A la vuelta

Lo despertó el golpeteo de la cama del vecino, el mañanero de cada jueves. Se pegó una ducha, se afeitó mal y pronto y se comió media factura que había quedado de ayer. En la puerta, el encargado lo saludó con la misma alegría falopa de siempre mientras desperdiciaba agua jugando con las hojas de otoño. Salió desabrigado y no había tiempo de volver, la puta madre. En la parada del colectivo estaba la colorada, fumando como siempre. Sopesó las opciones, pero no tenía ganas de caminar hoy. Esperó. El colectivo lleno, por supuesto, pero al menos hoy olía bien.

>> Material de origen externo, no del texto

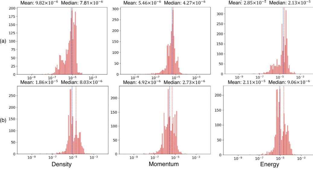 经过测试,FPL-net 在保持误差控制在 10⁻⁵ 量级的同时,展现出卓越的计算效率。在测试数据集上的 2189 个测试案例中,密度误差平均为 9.82×10⁻⁶,中位数为 7.81×10⁻⁶;动量误差平均为 5.46×10⁻⁶,中位数为 4.27×10⁻⁶;能量误差平均为 2.85×10⁻⁵

En el subte también había mucha gente, y terminó amasijado entre una gorda y un panzón que respiraba fuerte. La gorda olía a jazmines y algún otro, a almizcle. No sabía qué mierda era el almizcle, pero había decidido un día que el olor del que hablaban esos libros, el almizcle, debía ser esto. Cuando salió a la calle tuvo frío de nuevo. Y hambre. Cuando llegó a la puerta del edificio miró la hora. Había llegado dos minutos antes. ¿Es que acaso este día podía ser de los buenos, todavía?

~

Con brío renovado, apuró el paso. Evitó al de seguridad, quien cree por algún motivo que pueden ser amigos y siempre intenta sacarle charla, y alcanzó la escalera a grandes trancos. El mono se quedó ahí, en ese escritorito ridículo que le pusieron, con cara de compungido.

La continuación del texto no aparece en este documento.